WHAT TO DO: For this exercise, retype each line of the material below verbatim and omit any picture.

DATA:
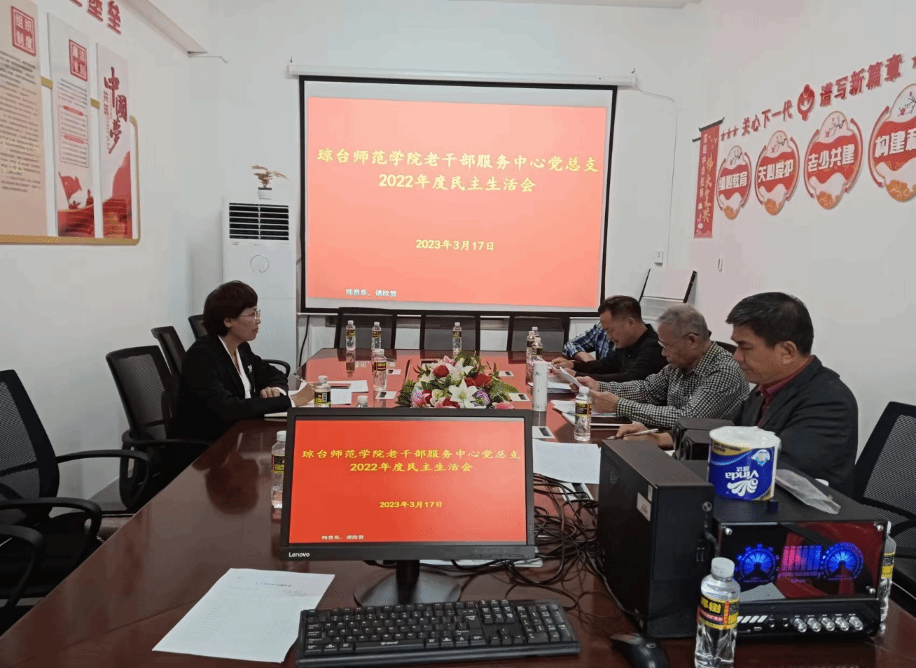 2023年3月17日下午,ok138电子官方网站老干部服务中心党总支召开2022年度民主生活会,党总支书记陈道昭、支部委员周经奉、王立紫、冼若兴参加会议,校党委委员、副书记陈晖阳同志到会指导点评。
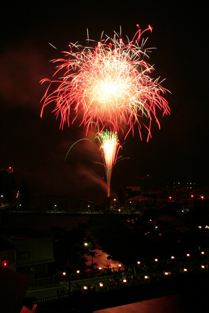 河川増水時、花火のみ翌日15日(21時~)延期予定。
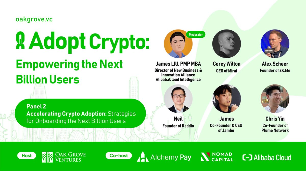 Rounding out our Token2049 engagements, zkMe's Founder & CEO, Alex Scheer, brought his expertise to the "Adopt Crypto: Empowering the Next Billion Users" event. Hosted by Oak Grove Ventures and co-hosted by industry leaders AlchemyPay, Nomad Capital, and Alibaba Cloud, this gathering focused on strategies to accelerate crypto adoption.
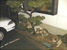 (右端)3月4日は、あいにく終日小雨が降り続いておりまして、GONchanのご主人samaが「新酒まつり」より戻って来ますと、GONchanの友達でありますノラsan達が7匹、軒先で雨宿りしながら眠っておりました(^-^)

RESULT OF THE EXERCISE:
 2023年3月17日下午,ok138电子官方网站老干部服务中心党总支召开2022年度民主生活会,党总支书记陈道昭、支部委员周经奉、王立紫、冼若兴参加会议,校党委委员、副书记陈晖阳同志到会指导点评。
 河川増水時、花火のみ翌日15日(21時~)延期予定。
 Rounding out our Token2049 engagements, zkMe's Founder & CEO, Alex Scheer, brought his expertise to the "Adopt Crypto: Empowering the Next Billion Users" event. Hosted by Oak Grove Ventures and co-hosted by industry leaders AlchemyPay, Nomad Capital, and Alibaba Cloud, this gathering focused on strategies to accelerate crypto adoption.
 (右端)3月4日は、あいにく終日小雨が降り続いておりまして、GONchanのご主人samaが「新酒まつり」より戻って来ますと、GONchanの友達でありますノラsan達が7匹、軒先で雨宿りしながら眠っておりました(^-^)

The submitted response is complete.